Currently reading Check The Technique, Brian Coleman’s excellent, and extended, ode to liner notes and hip hop’s classic albums. It’s also one of those hip hop books full of fascinating human stories. One of the albums covered is Marley Marl’s In Control, the producer’s 1988 debut as mastermind of the Juice Crew.

In the book Marl notes that he was one of the first producers in hip hop to step up as an artist with such an album. And as I’m telling the story of how this idea of the producer as an artist evolved in the past decade or so, it made me laugh that I hadn’t even thought about album’s like Marl’s originally. 1988 was also the official release year for 45 King’s King of the Beats album, another first (or almost first) in which a producer album featured no rapping per se.
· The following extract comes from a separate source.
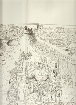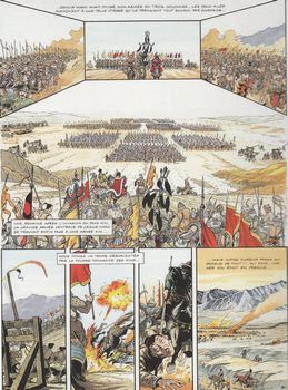 remarques: | la prochaine campagne de Gengis khan l'amène aux portes de l'empire Kin dont la Grande Muraille le nargue, gardienne des richesses qu'on dit pouvoir trouver lorsqu'on parvient à la passer à noter: le plan de Gengis Khan pour franchir la grande muraille et entrer dans le pays Kin (reconnaisance en se déguisant en marchands) Gengis khan réduit d'abord en esclavage les tribus Oigours, situés au nord de la grande muraille, ceci pour s'assurer de ses arrières, puis son armée se présente devant le premier obstacle: la forteresse Tsaï Gengis khan prend comme conseiller, un membre exilé de la tribu des Tsaï, du nom de Liou Tchou Tsaï qui lui restera fidèle jusqu'à sa mort, mais trahi par les chefs Tsaï, Gengis khan effectuera son premier génocide sur le peuple tsaï >> p. 15 les montagnes de cadavres et à cause d'une femme (qui deviendra sa maîtresse), Gengis khan manque de perdre la vie >> p. 20 le camp de la horde mort de Hoelun, mère de Gengis khan qui doit en plus faire façe à la révolte de son général Qasar, Gengis khan prend comme maîtresse, Qulan, une esclave oïgour, qui prendra à ses côtés une grande importance mais qui ne deviendra pas sa seconde épouse, Gengis khan restant fidèle à Bortaï >> p. 29 la parade de l'armée de Gengis Khan puis Gengis Khan emmène ses armées vers le pays Kin, le pays du Levant, où l'attendent de grands combats malgré l'utilisations par les kins de la poudre tonnante qui n'arrêtera toutefois pas l'avance de la horde mongole, les têtes tombent à profusion alors que la horde s'enfonce dans le pays kin comme dans du beurre de yak mais son conseiller chinois Liou l'avertit de ne pas s'enliser dans ce beurre chinois, une nouvelle armée chinoise est anéantie sur les bords du fleuve Houei, Pékin est bientôt à la portée des armées mongoles mais Gengis Khan doit faire façe à une nouvelle tactique, les forteresses chinoises sont solides et résistantes et Gengis khan doit apprendre à faire le siège de cités bien défendues mort de sa favorite Qulan (accident ou assassinat?), on ne le saura pas vraiment mais à partir de ce moment, Gengis Khan deviendra encore plus cruel envers les chefs ennemis tombés en son pouvoir >> p. 42 le supplice du chef Kara Kithay le pays Kin ne sera plus un grand problème pour Gengis khan qui laisse finir la conquête de la Chine par ses généraux, la Chine ne sera toutefois entièrement conquise que vingt ans plus tard, Gengis Khan se tourne maintenant ves l'ouest, vers le Couchant, le royaume du shah de Perse, les loups de la horde sont prêts à de nouvelles conquêtes >> un récit de conquête mais bien rédigé et un graphisme toujours de bonne qualité |

Ultimately the story I’m trying to tell starts in the 80s. I don’t think I’ll spend much time dwelling on those particular times in the book, not least because hip hop in the 80s and 90s has now been documented fairly extensively and there isn’t much left to say. However there’s no doubt that some key moments of hip hop’s growth in its first and second decade will be present in the story I’m telling – not just the East Coast movements of people like Mark and 45 King but also the whole electro scene, and the importance that particular sound had in places like Los Angeles in setting the ground for what would come next.

And there are still the 90s stories I’ve been accumulating for the book which I haven’t seen told anywhere yet.